I’m using MbedTLS that is built into the NodeMCU firmware for ESP8266 and I am trying to connect to Microsoft Azure IoT Hub and publish sensor data to it via the MQTT protocol.
I have successfully connected securely using a SAS token and Baltimore Root certificate which all works very well.
However, I have run into problems when publishing an MQTT message to Azure. Please see here for an issue I have opened on the GitHub repository that explains this in detail. The general consensus there is that this is a TLS issue and not a NodeMCU issue.

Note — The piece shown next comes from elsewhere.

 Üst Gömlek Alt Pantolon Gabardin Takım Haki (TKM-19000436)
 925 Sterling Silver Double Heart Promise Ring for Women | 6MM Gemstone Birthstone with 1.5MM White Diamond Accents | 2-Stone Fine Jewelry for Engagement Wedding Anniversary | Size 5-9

I have noticed that a certain IF statement within the ssl_tls.c file (line 1338) returns true or false intermittently, meaning that unpredictably, the cipher selected is incorrect and therefore badly encrypts the payload to be sent to Azure, I’m assuming. This is then rejected by Azure and my device is kicked offline.
Here is the IF statement that is sometimes true and sometimes false…

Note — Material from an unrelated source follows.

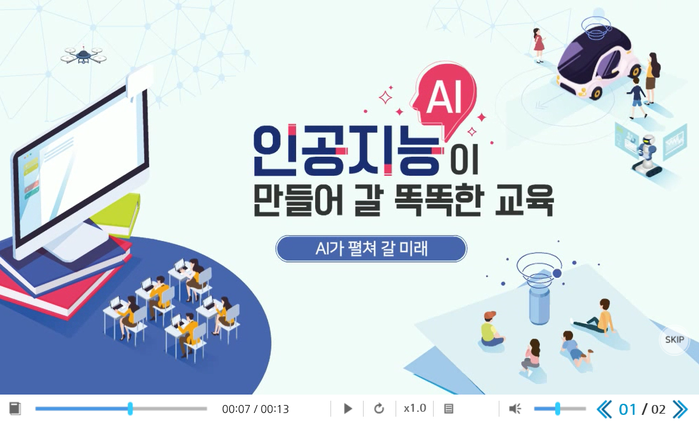 이 콘텐츠는 지난해 5월 부산시교육청에서 발간한‘인공지능 기반 교육 가이드북’과 연계하여 AI기반 교육의 이해와 수업 활용 사례를 통해 교원의 현장 이해도를 높이기 위해 개발했다.
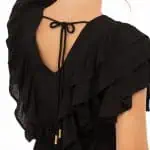 Över bysten och ryggen faller två lager vertikala volanger som ger klänningen ett elegant och trendigt uttryck. Den v-ringade designen både fram och bak ger en smickrande form, och knytbandet i nacken med dekorativa toffsar skapar en subtil och feminin detalj. Midjan är avskuren med resår baktill för en bekväm passform, medan den lätt utställda kjolen avslutas med en bred volang som ger ett vackert rörelsefall.

if( mode == MBEDTLS_MODE_STREAM ||
( mode == MBEDTLS_MODE_CBC
#if defined(MBEDTLS_SSL_ENCRYPT_THEN_MAC)
&& ssl->session_out->encrypt_then_mac == MBEDTLS_SSL_ETM_DISABLED
#endif
) )
It appears that, on an unsuccessful publish/keepalive, I am getting:
MBEDTLS_ERR_SSL_INVALID_MAC - 0x7180 - Verification of the message MAC failed.
…followed by…
client’s data invalid protocol
…then…
MBEDTLS_ERR_SSL_PEER_CLOSE_NOTIFY - 0x7880 - The peer notified us that the connection is going to be closed.
This falls in line with the fact that the ssl_encrypt_buf
function is to blame. Sometimes the MAC is computed, sometimes not. I cannot see why this would be skipped occasionally.
This occurs randomly, sometimes affecting the MQTT keep-alive (ping) packet too which is basically a mini publish. I need to identify what variable is changing here, causing two different outcomes to exactly the same publish event. Anyone have any ideas?